Meta is building an advanced model to take on GPT-4

September 13, 2023
Meta's LLaMa is a foundational, 65-billion-parameter large language model (LLM).

Meta is reportedly building an advanced AI model that is expected to rival the performance of OpenAI’s GPT-4.

The Wall Street Journal reported that Meta has been secretly working on the most advanced of its LLMs and it’s expected to be released in 2024.

Earlier this year Meta released Llama 2, making it freely available for commercial and research use. Its new model is also expected to be made freely available in line with Meta’s continued open-source approach to its AI products.

Meta’s new model is rumored to be several times more powerful than Llama 2, which already sits near the top of open access model benchmarking leaderboards.
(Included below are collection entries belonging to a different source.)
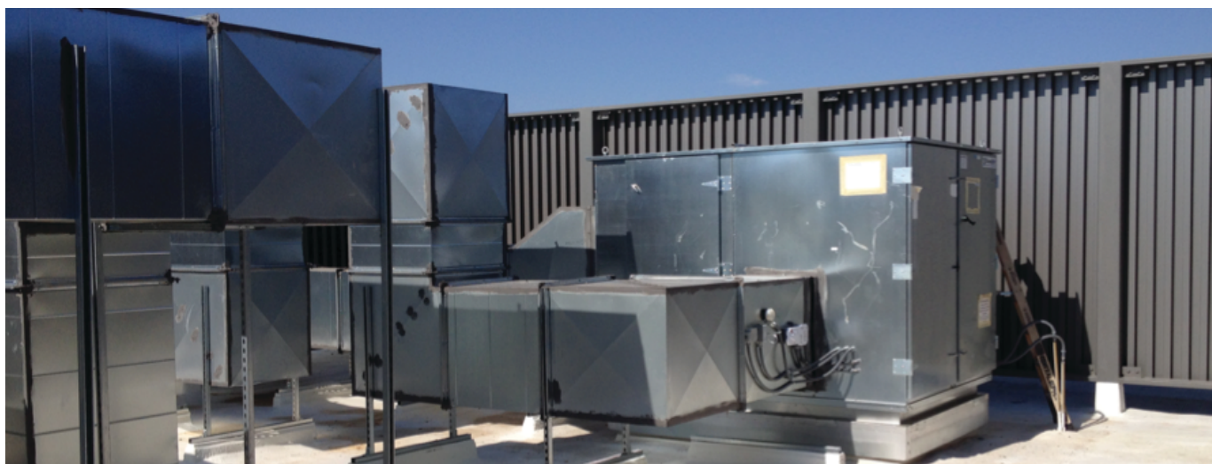
Rooftop installation of RenewAire ERVs at GCU

Faced with substantial ventilation challenges, the RenewAire ERVs were able to overcome these and achieve the following results: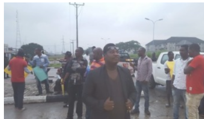
Tension as Ugborodo protesters set born fire around Chevron facility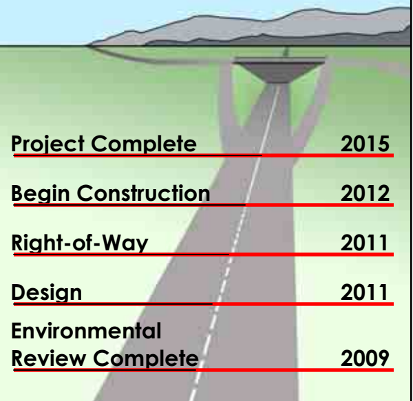
Estimated schedule - subject to revision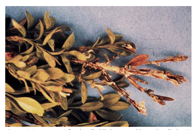
Figure 6: Symptoms of Volutella blight caused by Volutella buxi on boxwood. Note spore masses on stem.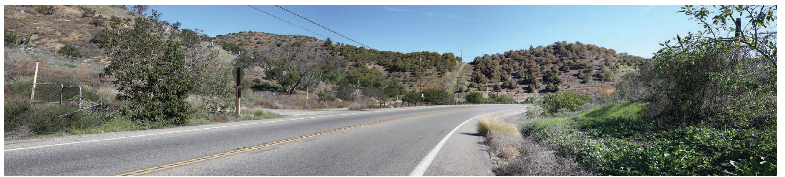
Existing view looking northeast from Mission Road near approximate MP 3.8, where the Proposed Project will travel overland.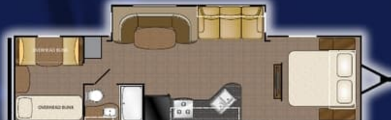
TR 30 USBH

Fresh: 50 gal. Gray: 37 gal. Black: 37 gal.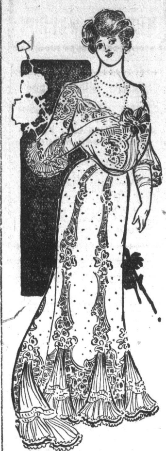
GOWN OF WHITE AND SILVER.

Loose Coats—Silk Fringe For Trimming—Pale Shades. Tucked silk and chiffon with stitchery between corded lines and spaced tucks are all used for tea or coffee coats with chiffon frills or flounces of lace. White and cream tones, together with all the pale shades, are the rage for southern wear. As the days become warmer we shall see a great deal of alpaca and serge.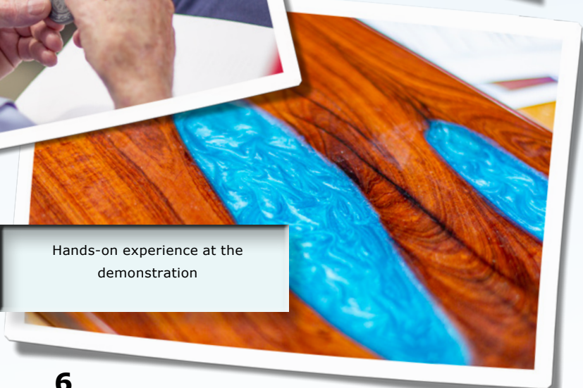
Hands-on experience at the demonstration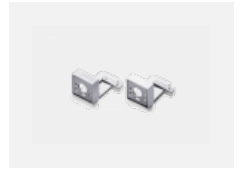
00-20700, B 2 pcs of wall fastening Lipo/Lina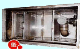
After processing oil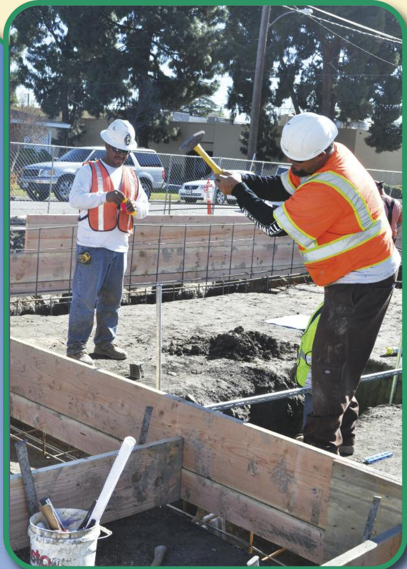
Middle College ES Building forms for footings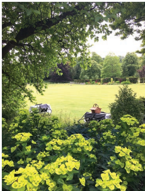
Euphorbia near to the Mulberry tree

At Glyndebourne it's time to check the tree ferns, Dicksonia antarctica , in the Bourne Garden. For winter protection the old fronds have been crumpled up and tucked into the crown at the top of the trunk, as it's water getting into that space and freezing which can finish off a tree fern. In February and March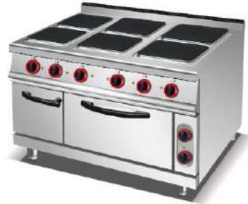
Electric 6 Hot-plate Cooker With Oven(Square)

Model: HEK-100 Dimension: 800x900x920mm Pressure: ≤ 50kpa Volts: 380V Power Supply: 18KW Capacity: 100L

Llama 2 was released in collaboration with Microsoft on its Azure platform but it seems Meta is gearing up to use its own computing infrastructure in the future.

Meta has been snapping up Nvidia H100 GPUs and will be using its own platform to train its new model, instead of using Microsoft’s Azure cloud computing.

Meta was slow out of the blocks in the AI race but is throwing a lot of resources at its AI projects now. The report said that this new model was being built by a team that was formed earlier this year and tasked with accelerating Meta’s AI ambitions.

Hopefully, Mark Zuckerberg will offer more details on the new model at the Meta Connect event at the end of the month.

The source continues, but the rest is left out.